[petsc-dev] reminder never use #include "mylocalinclude.h" in PETSc source

Jed Brown jed at 59a2.org
Tue May 4 12:50:18 CDT 2010


On Tue, 4 May 2010 12:22:10 -0500, Matthew Knepley <knepley at gmail.com> wrote:
> It looks like tup only has a Linux daemon, so it would run the same as make
> everywhere else. That does not seem like a strong enough case to use it. Why
> not just write the same thing in portable Python?

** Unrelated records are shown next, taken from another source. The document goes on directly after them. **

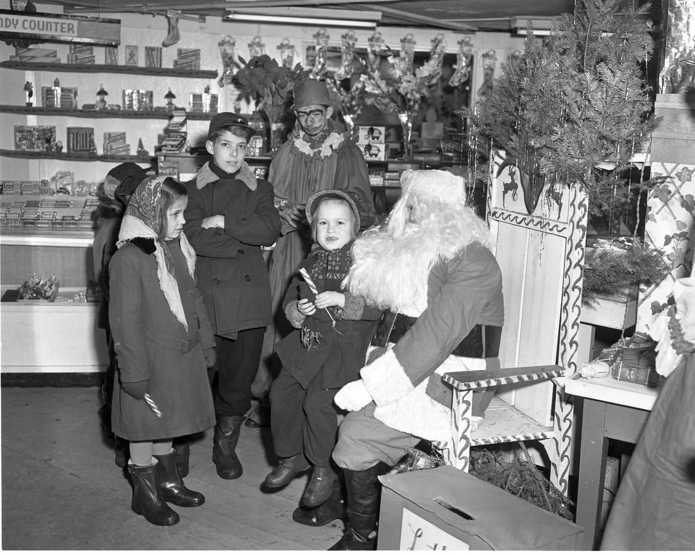 Santa makes a pre-Christmas visit to the Midland Armouries during the Legion Branch 80 Christmas party. Three hundred children of Legion members, under the age of twelve attended. The children of Mr. & Mrs. Duncan Douglas of George Street receive gifts, Marlene Douglas, Elgin Douglas, David Douglas and Barbara Douglas.
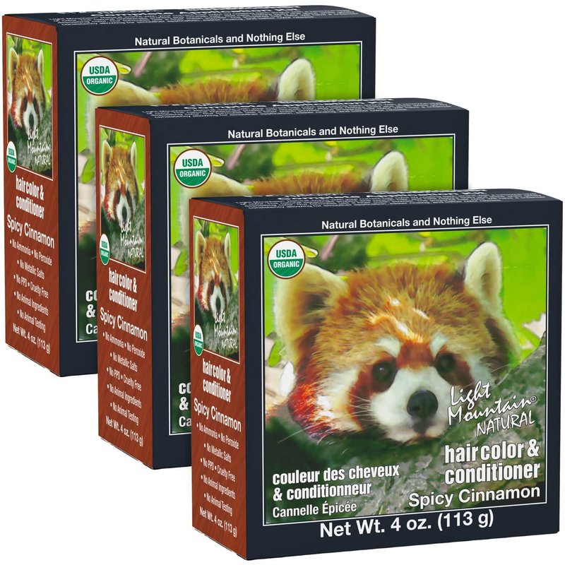 Light Mountain Henna Hair Color & Conditioner - Spicy Cinnamon Hair Dye for Men/Women, Organic Henna Leaf Powder and Botanicals, Chemical-Free Semi-Permanent Hair Color, 4 Oz (Pack of 3)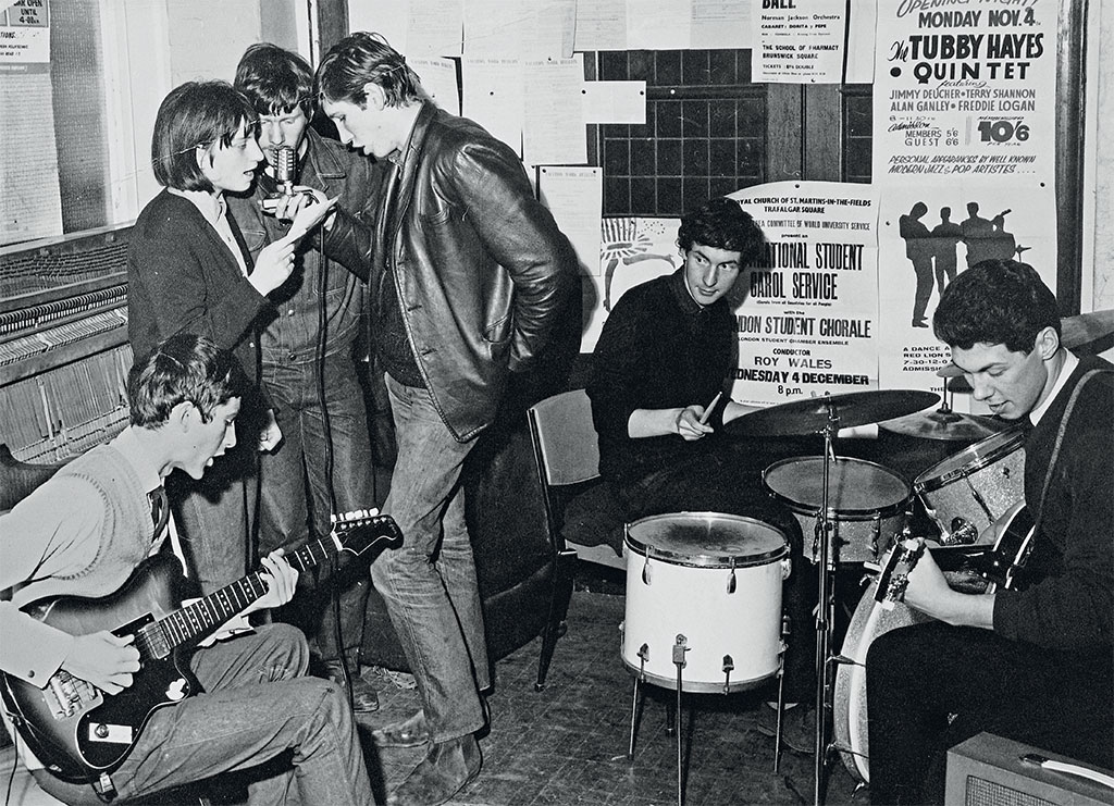 Группа Sigma 6 в студенческой гостиной в политехе на Риджент-стрит, где мы репетировали. Слева направо: Клайв Меткаф, Шейла Ноубл, Кит Ноубл, Роджер, я и гитарист, которого прежде не удавалось опознать, однако теперь я счастлив сообщить, что это Вернон Томпсон. Я уже дорос до барабанной установки Premier.

We do need to run
> everywhere.

Of course tup couldn't be the only backend, but it would be a fast one
where available (which includes Mac and Solaris).  Contrary to popular
belief, make itself is not slow compared to almost any alternative
(except tup), *recursive* make is slow.  A do-nothing build (basically
just dependency analysis) of PETSc with non-recursive make takes well
under a second.

You can certainly do the dependency analysis in Python but I haven't yet
seen a Python build system that's actually better than make *at doing
what make was made for* (despite many attempts).  Note that correct
dependency analysis requires parsing includes (e.g. gcc -M and various
more and less ad-hoc scripts), make has limited ability to keep the
dependency output from these files appropriately synced in the presence
of makefile changes and source changes (it has to choose between
pessimal and incorrect behavior).

The point of systems like tup is that they maintain these dependencies
in a form (SQLite) where optimal and fast analysis is feasible.  You
could reproduce this analysis in Python, but I don't think it's trivial
to do correctly or performantly.  Note that one of tup's features is to
not stat() the whole source tree, this requires something like inotify
which is the reason it doesn't automatically work everywhere.  It might
be easy enough to have a fallback that just stats the whole thing, but
this would have about the same performance as make.